The early attempts by both sides to launch probes to the moon were unsuccessful – for the Americans, in the blinding light of publicity, for the Soviets, hidden state secrets that only became clear after the onset of glasnost, and the collapse of the Soviet Union. Even now, there are many unanswered questions about the Soviet space program. 1959 dawned, however, with the first success – with the launch of an acknowledged space probe, Luna 1. This passed less than six thousand miles from the moon, by far the closest flyby thus far, and gathered a range of valuable scientific information. (In comparison, the next American Pioneer probe passed 60,000 miles from the moon.)
Luna 2 soon followed, and this accomplished a mission that it has often been thought Luna 1
was intended to accomplish – a hard-landing on the moon. The second probe, identical to the first, was launched on September 12th, 1959, and tracked by observatories across the world, crashed into the moon somewhere close to the crater Archimedes.
Both of these accomplishments would be dwarfed by the third – the launch of Luna 3, in October 1959. The first probe had flown close to the moon, the second had crashed into it; the third would truly pioneer new ground, by taking the first pictures of the dark side of the moon. The results stunned the world, and the astronomical community; here was half of our closest neighbour, revealed for the first time. (In point of fact, the probe only showed 70% of the dark side – still a major triumph.) The right of the discoverer of new terrain to name it has resulted in the far side of the moon having a somewhat...Russian theme to it, with such terrain features as the Moscow Sea.
At a time where the Soviet space program seemed to be going from strength to strength, the many failures hidden from the public gaze, the American space program appeared to be languishing.
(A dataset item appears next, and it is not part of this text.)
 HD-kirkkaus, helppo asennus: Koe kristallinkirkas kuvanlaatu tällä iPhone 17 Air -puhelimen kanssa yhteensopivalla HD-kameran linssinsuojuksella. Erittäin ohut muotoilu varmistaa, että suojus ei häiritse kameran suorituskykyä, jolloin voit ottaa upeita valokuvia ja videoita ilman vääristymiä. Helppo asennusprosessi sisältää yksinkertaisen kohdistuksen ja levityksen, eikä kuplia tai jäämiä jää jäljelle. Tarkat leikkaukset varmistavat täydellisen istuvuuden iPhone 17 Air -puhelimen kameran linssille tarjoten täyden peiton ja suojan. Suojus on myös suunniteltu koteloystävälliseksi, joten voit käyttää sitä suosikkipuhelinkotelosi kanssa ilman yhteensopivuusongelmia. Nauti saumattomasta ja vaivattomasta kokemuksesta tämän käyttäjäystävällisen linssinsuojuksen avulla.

There were great hopes that the newly formed NASA would be able to swing back to a lead by placing the first man into space – and plans for the first suborbital flight were close to accomplishment when the Soviet Union trumped them again, placing the first man in orbit – bypassing the suborbital 'hop' that was the American first step.
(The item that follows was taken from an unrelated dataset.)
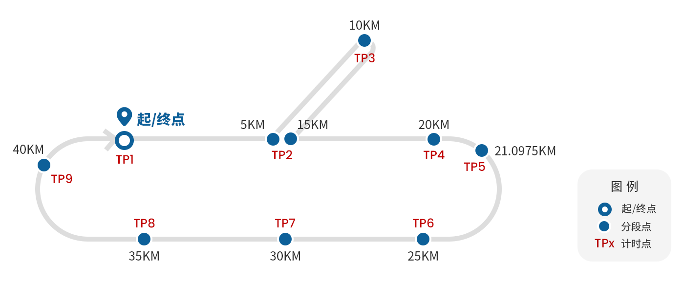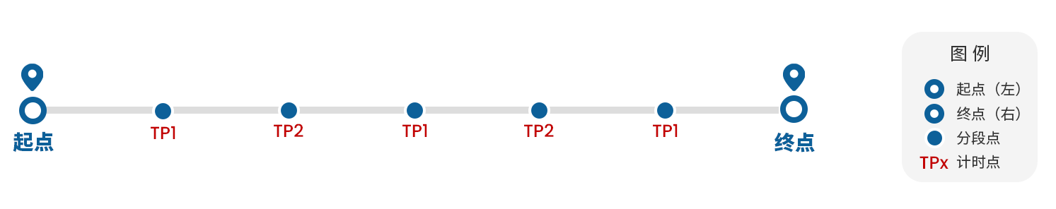 如果此赛道规定出发绕 2 圈后到达终点,分段点和计时点如图 2.5 所示。

It was in this atmosphere that President Kennedy called for landing a man on the moon. Khrushchev is often criticised for turning the Soviet space program into nothing more than a series of spectaculars, but it was Kennedy that would set the stage for the greatest spectacular of all. In this be deliberately selected something that was not attainable with the current equipment in inventory. The USSR might have an edge in launcher capability, but it would not be sufficient to put a man on the moon. He believed that this would provide level ground from which the two countries could start, and that in such a race, the USA would win.